Third Bridge analysts

2025 is almost behind us! Before we step into 2026, we are taking a moment to look back at what investors were most curious about in 2025. 

Global markets this year swung between record peaks and periodic turbulence. U.S. equities hit record highs, while unexpected events such as DeepSeek's debut, unpredictable U.S. tariffs, and growing concerns over an AI bubble kept investors cautious.

In this article, we highlight 10 key trends based on analysis of the Third Bridge Library database, alongside discussions with our analysts and expert insights. 

 IME

1. Data Center  

Anthony DeRuijter, Global Team Lead for IME at Third Bridge, explained that AI is highly power-intensive, and U.S. electricity demand is rising far above recent historic averages, driven by data center growth and broader electrification trends. Investors are interested because electricity access could become a major bottleneck for massive data center spending. Nuclear energy is also attracting investor interest as a potential energy solution for data centers. Cooling is another key area of focus, which ties directly into our industrials coverage, Vertiv, for example.

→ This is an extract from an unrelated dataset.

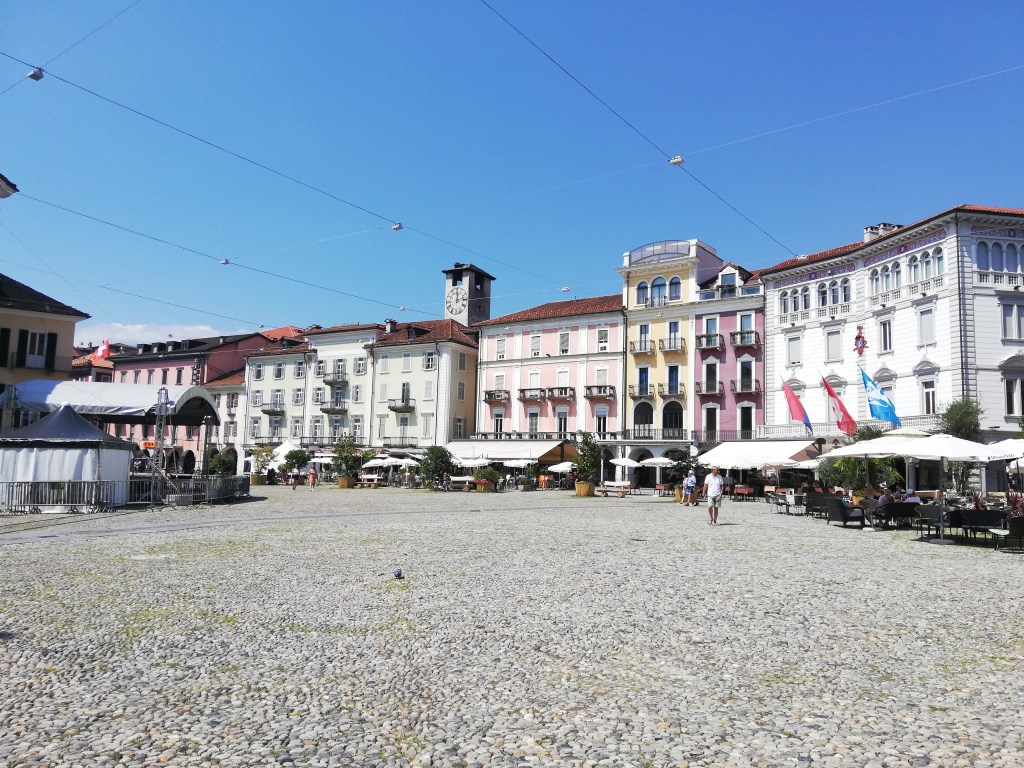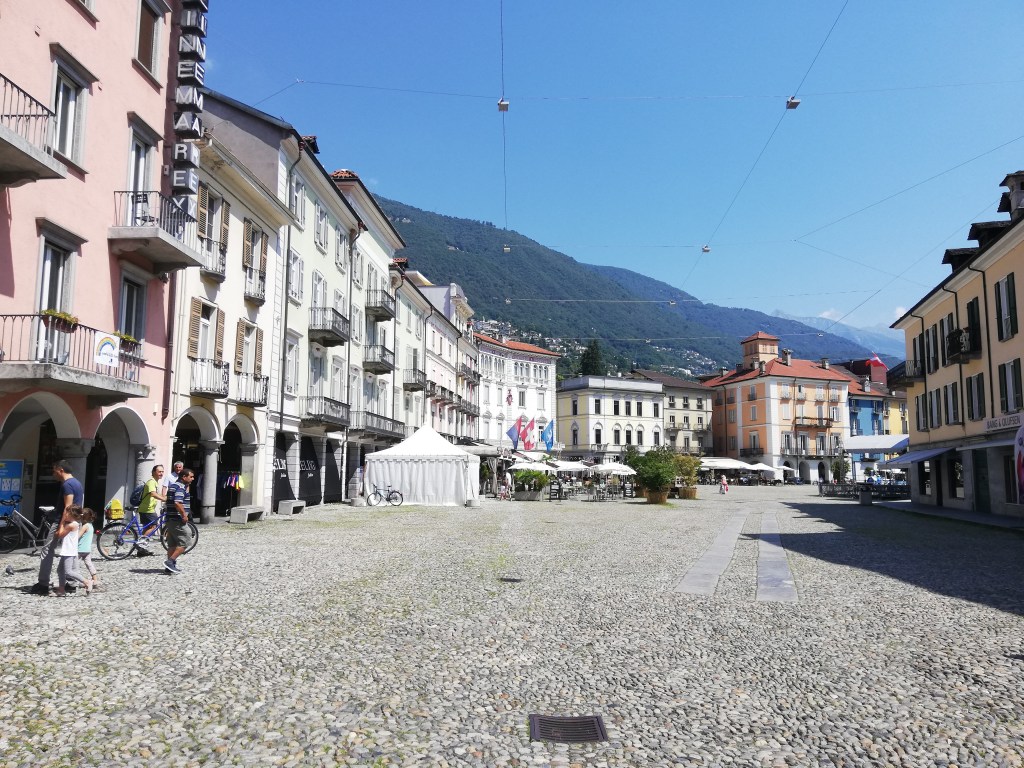 It was a hot day, and the weather was simply gorgeous. Temperatures between 90 and 100 are not unusual anymore in our area and even less in the southern parts of Switzerland. You can guess what comes next: A stop at a gelateria at the Piazza Grande and enjoyed some ice cream creation instead of lunch.

Experts we interviewed expect M&A activity in gas-fired power plants to continue, led by major independent power producers (IPPs) such as NRG Energy, Vistra, Constellation Energy, and Talen Energy, with major private equity funds following along. 

Combined-cycle gas is viewed as the most reliable way to meet growing data center demand, and players are positioning themselves to secure generation capacity and priority access to data center offtakes at attractive pricing. Renewables may lag due to the current administration’s less supportive stance, but they will continue to attract interest as overall power demand rises.

Looking ahead to 2026, experts anticipate that the broader focus will likely be on existing generation that can deliver immediately, as new-build projects continue to face headwinds from supply chain constraints, limited development resources, and labour challenges.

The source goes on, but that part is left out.